What about method 3?
Foo *p;
...
write(fd, &p, sizeof p);
...
read(fd, &p, sizeof p);
--
Fergus Henderson This .signature virus might be
fjh@munta.cs.mu.OZ.AU getting old, but you still can't
consistently believe it unless you
Linux: Choice of a GNU Generation copy it to your own .signature file!
Author: db@argon.Eng.Sun.COM (David Brownell)
Date: 11 May 1993 09:10:12 GMT Raw View
steve@taumet.com (Steve Clamage) writes:
> >As a simple example of what I'm talking about: imagine two threads
> >execute the following line of code at "the same" time (i.e. on a
> >multiprocessor, or just interleaved due to scheduling):
>
> > stream << "this" << " is " << "a bug";
>
> >No way to guarantee that the output isn't interleaved, ...
>
> I don't believe this can be addressed in the C++ specification.
> For example, you have the identical problem in C:
>
> fprintf(stream, "%s", "this")
> fprintf(stream, "%s, " is ");
> fprintf(stream, "%s, "a bug");
Posix 1003.4a, last draft I looked at, included stdio functions to
address this.
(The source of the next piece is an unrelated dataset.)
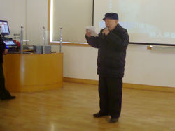 朗诵唱歌,高潮迭起。一位有着85岁高龄的老爷爷第一个给我们朗诵了他自己创作的诗歌,抑扬顿挫的语调,慷慨激昂的情感,赢得了满堂喝彩。随后,几位老干部相继我们唱了他们那个年代的红歌。最后,同学们也为老干部们献上了一首四人合唱的歌曲,让他们感受到我们青春的活力与热情。

If both threads executed concurently, only one would get
the lock at at time:
flockfile (stream);
fputs ("this", stream);
fputs (" is ", stream);
fputs ("NOT a bug", stream);
funlockfile (stream);
... where I swapped "fprintf" with "fputs" just to emphasize this works
for the entire stdio library. The point being that this problem DOES
have a known solution (all but standard, too! :-).
It might be desirable to such MT issues addressed as an addendum to a
C++ library specification in the way the MT issues were for C. However,
I think the issues are more complex for C++ due to the complexity of
the interfaces exposed; if I'm subclassing a library class, what's the
locking strategy I must use in order to be correct and not deadlock?
Which virtual functions are allowed (expected) to hold which locks?
I'm told about C++ libraries that have callback structures so twisted
that answering those questions isn't practical.
> The larger problem is what happens when you flush the buffer used
> by the C++ stream or the C FILE. How do you control interleaving
> data from different tasks when a buffer flush might come at an
> arbitrary point in doing output? That is, the buffer is flushed
> while you are in the middle of writing one item.
Hmmm ... NOT a multithreading issue, but a general issue with having
multiple processes share the same underlying OS file descriptor. It
was once so common with terminals that the convention arose that all
terminal I/O should be line-buffered!
> Next, what happens if one thread seeks on a stream and another thread
> uses the same stream? How does it find out that the stream moved
> between two of its statements?
My model of "stream" doesn't include seeking, though my model for file
descriptors does. Certainly shared resources such as file offsets
either need to be managed as such, or made nonissues in an MT world the
way pwrite() and pread() take explicitly the offsets that read() and
write() took implicitly (and then modified).
> C and C++ were not designed as multi-processing languages.
I'll disagree on the former. C's been used for UNIX kernel programming
almost as long as it's existed; not all such kernels have had multiple
CPUs (multiprocessing), but they've all been multithreaded. I'd really
not expect to see that key feature of C get lost by C++ !!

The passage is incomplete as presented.